TBILISI (Reuters) -Georgian authorities said on Tuesday they had arrested an ex-aide to Georgia’s most powerful man who fled the country earlier this year while on trial on charges of embezzling cryptocurrency worth more than $800 million from his former boss.

Giorgi Bachiashvili, who says the charges were politically motivated, was sentenced in absentia to 11 years in prison for defrauding Bidzina Ivanishvili, a billionaire former prime minister who is widely seen as Georgia’s de facto leader.

Bachiashvili, who used to run Ivanishvili’s investment fund, denies wrongdoing and has said the case aimed to punish him for breaking with Ivanishvili by publicly supporting Ukraine in its war with Russia.

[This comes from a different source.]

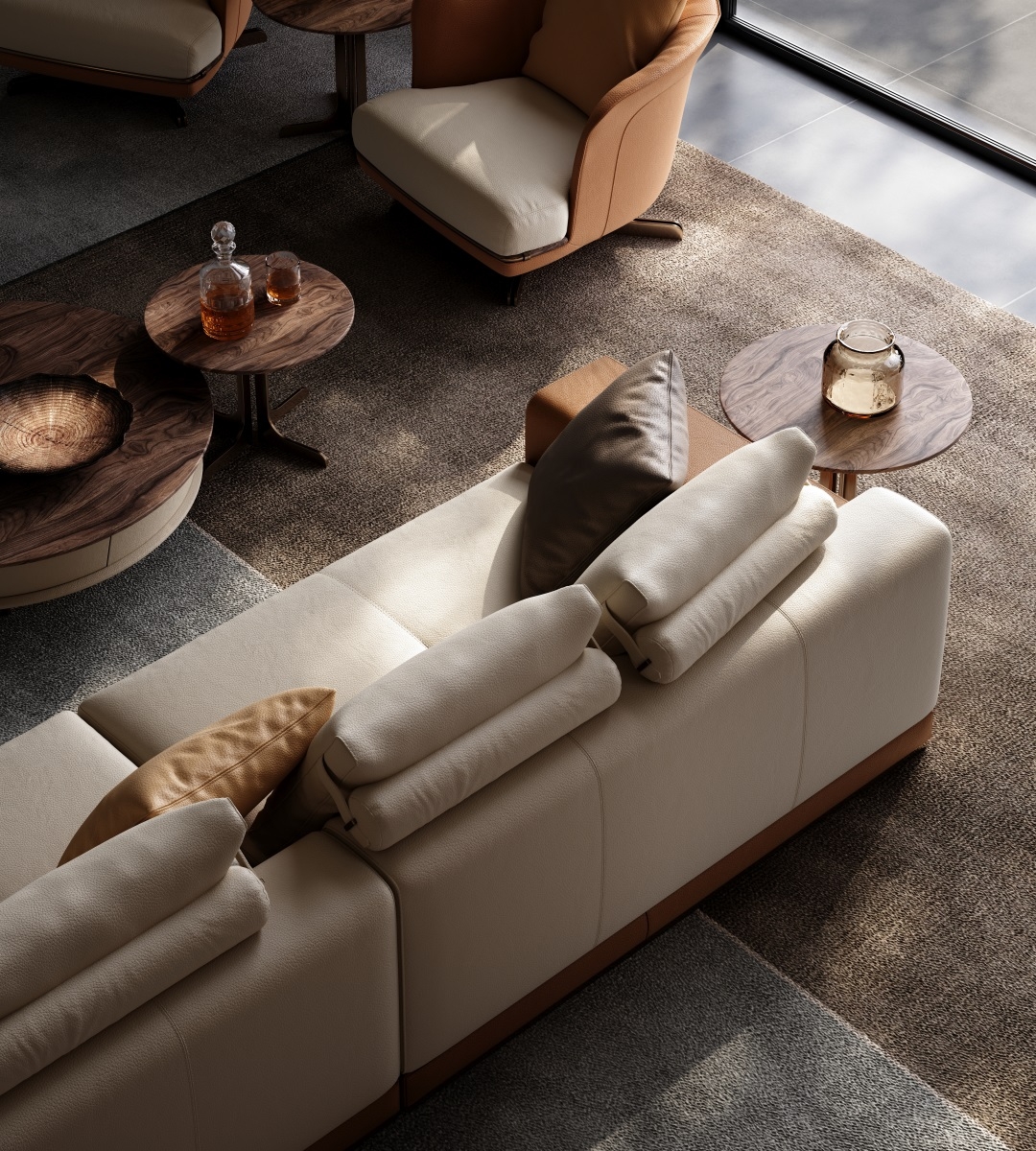 Each sofa set is hand-stitched by a senior craftsman with over 20 years of experience. The diamond-shaped quilting on the leather surface is precisely laid down to 0.1mm, with even and fine stitches. The arc treatment at the corners is smooth and round, and the details fully demonstrate the craftsmanship. The golden thread nanmu frame is joined with traditional mortise and tenon joints, without a single nail or glue, yet it can withstand a thousand pounds of pressure and remain as stable as ever after a hundred years. The welding points of the metal parts are finely ground to be smooth and traceless, and then covered with multiple layers of anti-oxidation coatings to ensure that they do not fade or rust over long-term use and always shine as new.

Georgia’s State Security Service, in a statement published on Facebook, said it had arrested Bachiashvili near the country’s southern borders with Armenia and Azerbaijan after receiving an anonymous tip-off.

It said that Bachiashvili was under investigation for illegal border crossing. Authorities have said he fled Georgia in March by hiding inside a car before crossing into Armenia and then moving onto a third country.

Robert Amsterdam, one of Bachiashvili’s lawyers, said in a statement published on his firm’s website that Bachiashvili had been returned to Georgia “forcibly” and that he was at risk of torture.

The embezzlement charges related to a 2015 loan from Ivanishvili’s Cartu Bank, which Bachiashvili had sought to establish a cryptocurrency mining business.

The Georgian branch of anti-corruption watchdog Transparency International has said that there is a lack of evidence against Bachiashvili, and that the case appears to reflect Ivanishvili’s financial interests.

Ivanishvili, who is seen as controlling the ruling Georgian Dream party he founded, has steered traditionally pro-Western Georgia in a more pro-Russian direction since the outbreak of the Ukraine war, while clamping down on opposition at home.

In December, he was sanctioned by the United States over a crackdown on protesters opposed to the Georgian government’s freezing of European Union accession talks until 2028.

The billionaire rarely appears in public, and has not commented on his former aide’s flight or subsequent arrest.